▸ COLLECTED DATA:
....

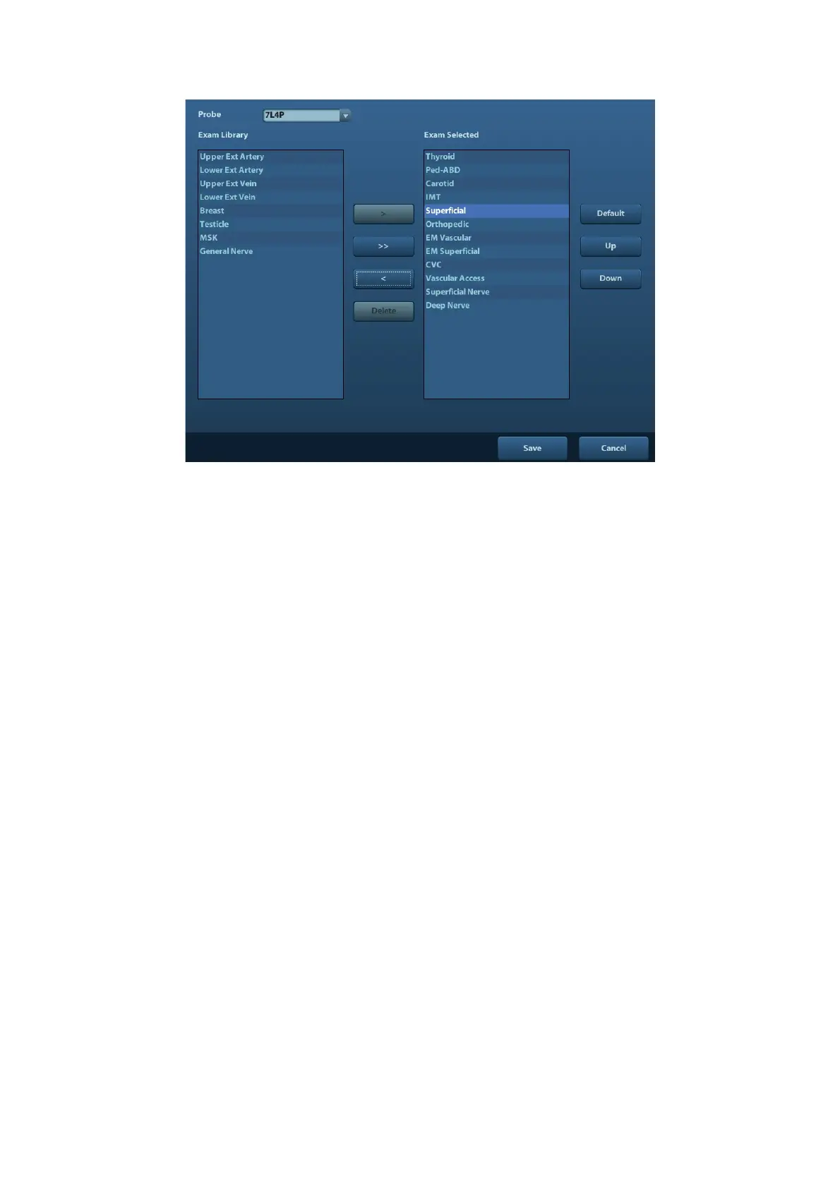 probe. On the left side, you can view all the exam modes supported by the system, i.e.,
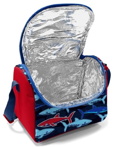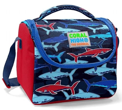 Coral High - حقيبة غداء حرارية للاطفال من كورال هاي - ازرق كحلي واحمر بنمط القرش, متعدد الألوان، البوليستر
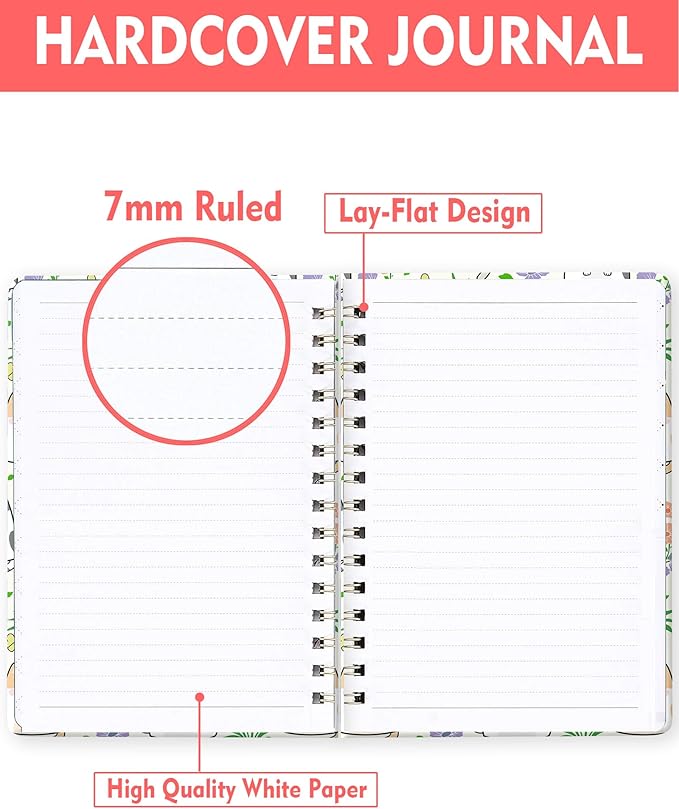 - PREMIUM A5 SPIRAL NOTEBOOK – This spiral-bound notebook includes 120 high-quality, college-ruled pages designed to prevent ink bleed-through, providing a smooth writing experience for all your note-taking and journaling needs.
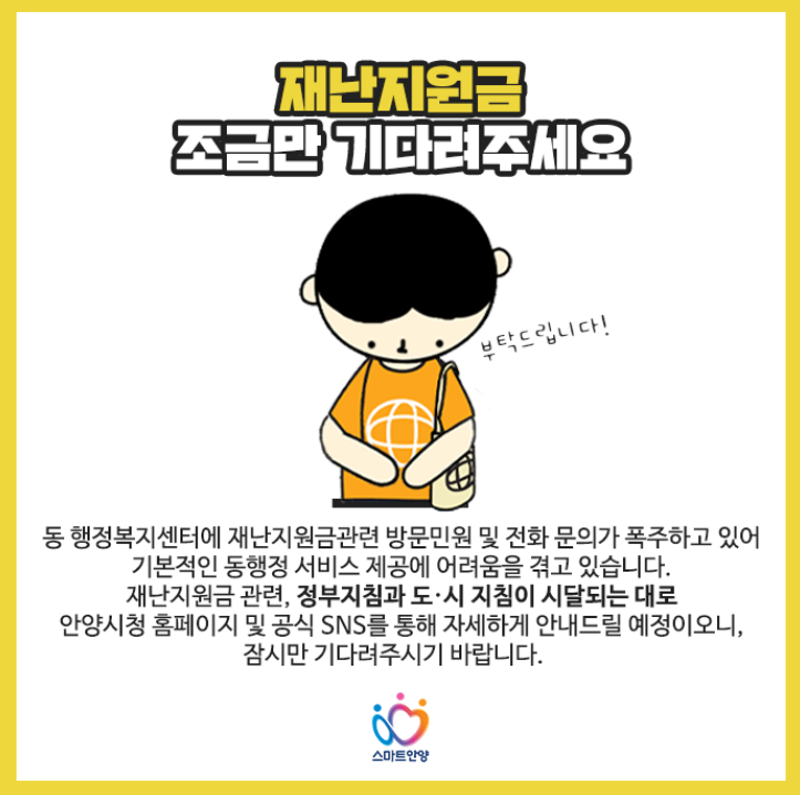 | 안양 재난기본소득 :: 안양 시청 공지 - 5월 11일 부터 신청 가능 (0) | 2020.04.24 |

....

▸ WORK ORDER: Return exactly the lines of the data, beginning with the first and ending with the line containing "Coral High - حقيبة". Skip the pictures.

▸ ANSWER TO THIS PROBLEM:
 probe. On the left side, you can view all the exam modes supported by the system, i.e.,
 Coral High - حقيبة غداء حرارية للاطفال من كورال هاي - ازرق كحلي واحمر بنمط القرش, متعدد الألوان، البوليستر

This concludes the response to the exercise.